Il contribuente che si oppone all’accertamento sintetico, giustificando la maggiore capacità contributiva con le elargizioni ricevute da un genitore, è tenuto a provare in giudizio tale circostanza, servendosi di idonea documentazione. Una consuetudine familiare – come quella di aiutare economicamente un figlio – non può infatti assurgere al rango di fatto “notorio”, ex art. 115, II comma, c.p.c., consentendo così al giudice di ritenere l’esistenza dell’atto di liberalità, quindi di annullare l’accertamento.
È quanto emerge dalla sentenza 20 giugno 2014, n. 14063, della Corte di Cassazione – Sezione Quinta Tributaria.

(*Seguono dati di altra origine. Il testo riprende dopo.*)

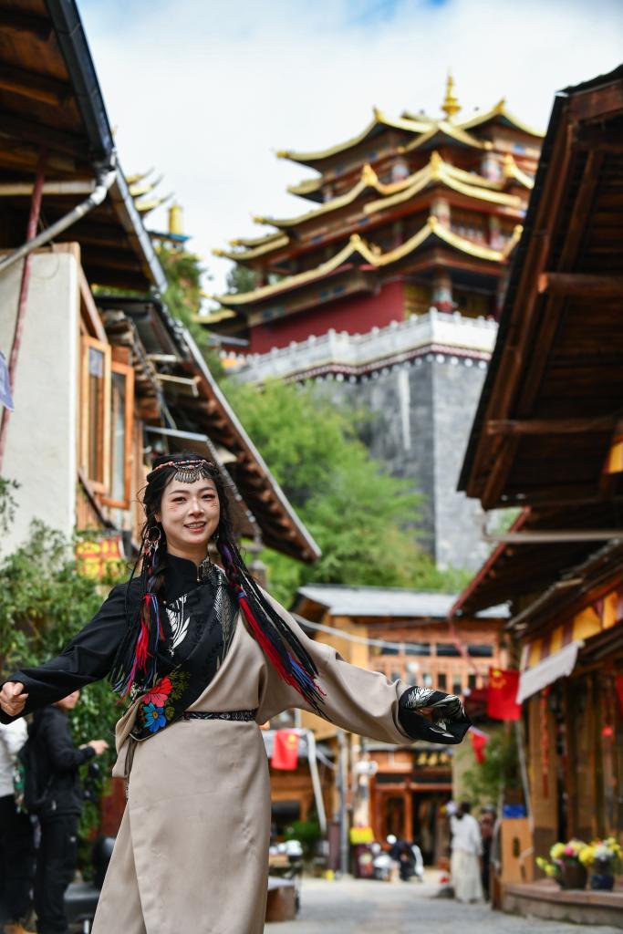 2024年9月27日,游客在獨(dú)克宗古城里體驗(yàn)旅拍。新華社記者 王靜頤 攝
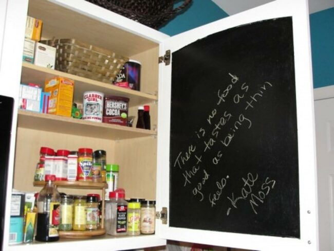 White chalk scrawls a welcoming message inside the cabinet door, adding a personal touch.
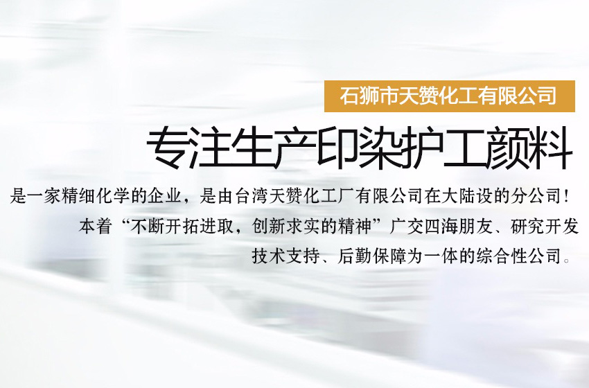 石獅市天贊化工有限公司是一家生產(chǎn)印染護工顏料的公司,是一家精細化學(xué)的企業(yè),是由臺灣天贊化工廠有限公司。在大陸設(shè)的分公司!本著“不斷開拓進取,創(chuàng)新求實的精神”廣交四海朋友、研究開發(fā)、技術(shù)支持、后勤保障為一體的綜合性公司。二十年來,我們對紡織,前處理,后整理,技術(shù)的研究實踐中體會得經(jīng)驗。
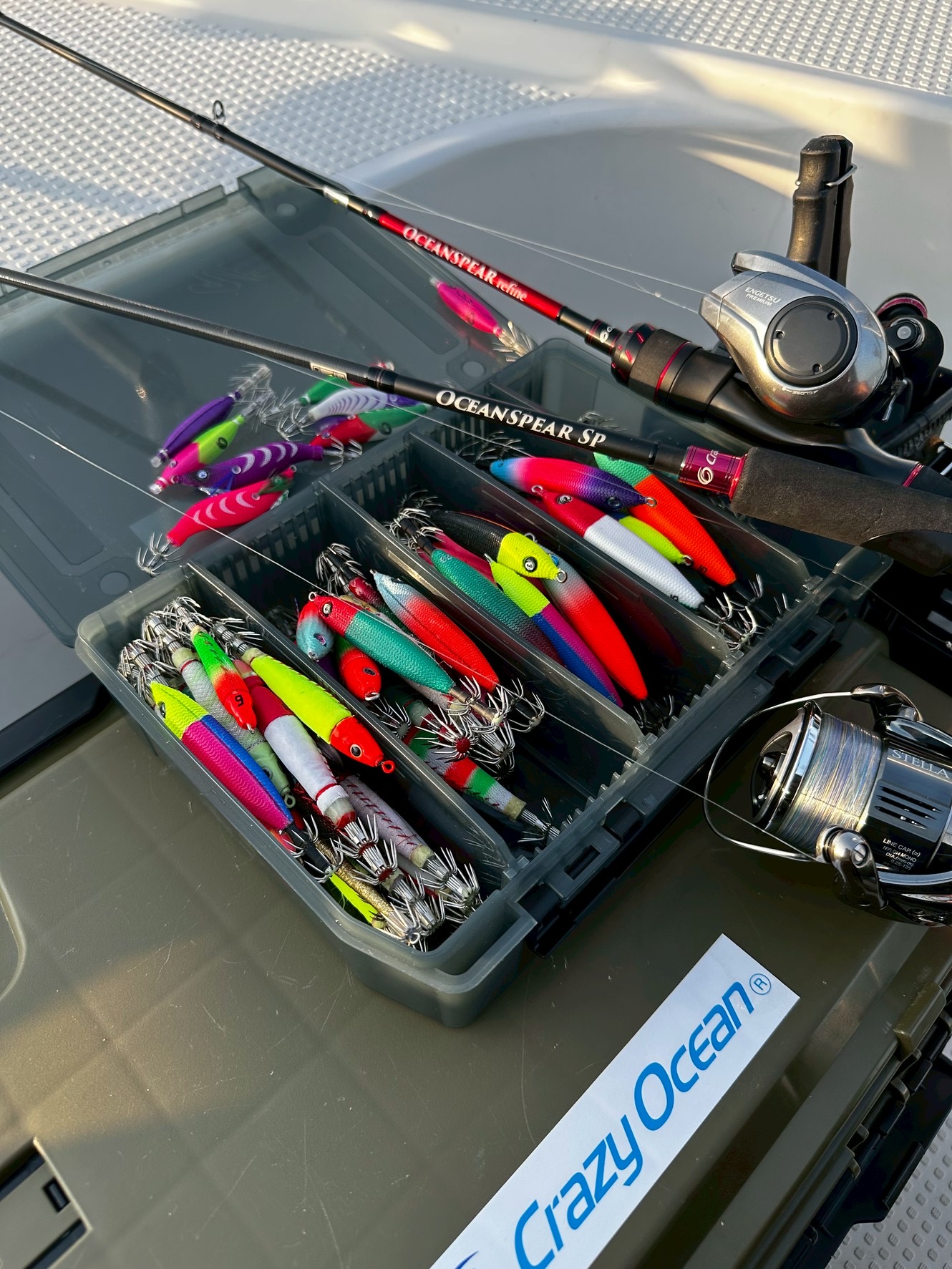 最近の傾向として、マイカとスルメイカが混合で釣れており、夏らしく深場のポイントでも漁火の効果が効き出すと20m前後の浅ダナでも釣れ出していて釣りやすくなってきました。中でも浅場のポイントはマイカ、深場のポイントはスルメが多い傾向にあるようですが当日は深場、約90mの水深のポイントでした。
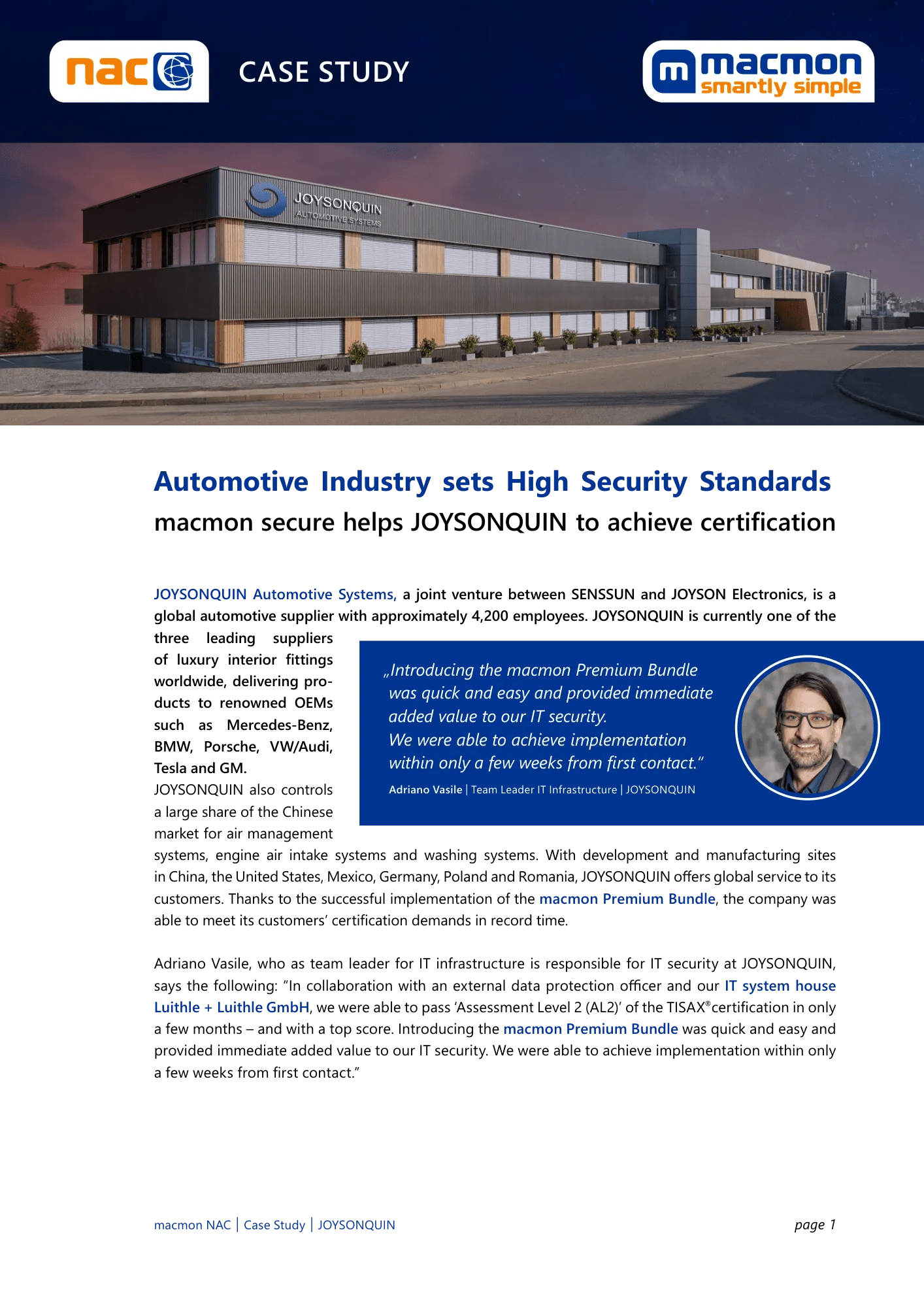 Le fournisseur automobile mondial d’aménagements intérieurs de luxe utilise macmon NAC pour la gestion centralisée de ses actifs.

Il Fisco ha contestato a una contribuente campana una maggiore capacità contributiva per l’anno d’imposta 1999, alla luce dell’acquisto di un immobile, delle spese di mantenimento per lo stesso, nonché per il possesso di un’abitazione secondaria. La donna si è difesa sostenendo che le somme necessarie per l’acquisto del fabbricato provenivano, in parte, dalla compensazione della quota di credito da lei vantata quale socia della società venditrice e, per il residuo, dalla compensazione della quota di credito del padre, altro socio, che poi aveva effettuato una donazione in suo favore.
Ebbene, le giustificazioni fornite dalla ricorrente non hanno convinto i giudici della CTP, secondo i quali non era stata dimostrata né la compartecipazione alla società né la diminuzione del debito rappresentato dal finanziamento dei soci. Inoltre nessuna prova era stata offerta in ordine alla cessione, a titolo gratuito, delle quote da parte del genitore. Di diverso avviso la CTR, che infatti ha riformato il verdetto del primo giudice ritenendo, quanto alle spese e al sostentamento parentele, con non si poteva “escludere lo spirito liberale come una inveterata consuetudine familiare da assumere tra quelle nozioni di fatto che rientrano nella comune esperienza, ai sensi del II comma dell’art. 115 c.p.c.”.
La decisione del giudice di secondo grado è stata impugnata con successo dall’Agenzia delle Entrate.
Ai sensi dell’articolo 115 c.p.c. il giudice deve porre a fondamento della decisione le prove proposte dalle parti, nonché i fatti non specificatamente contestati dalla parte costituita (comma I). Il giudice può tuttavia, senza bisogno di prova, porre a fondamento della decisione le nozioni di fatto che rientrano nella comune esperienza (comma II).
Ad avviso della Cassazione, la nozione di “comune esperienza” (fatto notorio), comportando una deroga al principio dispositivo e al contraddittorio, in quanto introduce nel processo civile prove non fornite dalle parti e relative a fatti dalle stesse non vagliati né controllati, va intesa in senso rigoroso, cioè come fatto acquisito alle conoscenze della collettività con tale grado di certezza da apparire indubitabile e incontestabile. Da ciò deriva che non si possono reputare rientranti nella nozione di fatti di comune esperienza, intesa quale esperienza di un individuo medio in un dato tempo e in un dato luogo, quegli elementi valutativi che implicano cognizioni particolari, o anche solo la pratica di determinate situazioni, né quelle nozioni che rientrano nella scienza privata del giudice, poiché questa, in quanto non universale, non rientra nella categoria del notorio (cfr. Cass. n. 2008/20013).
La Suprema Corte pertanto esclude che si possa includere nella nozione di comune esperienza “un evento o una situazione soltanto probabile quale, nel caso in esame, la mera prassi familiare di liberalità da parte dei genitori in favore dei figli”. Da qui il rinvio della causa alla CTR della Campania per nuovo esame.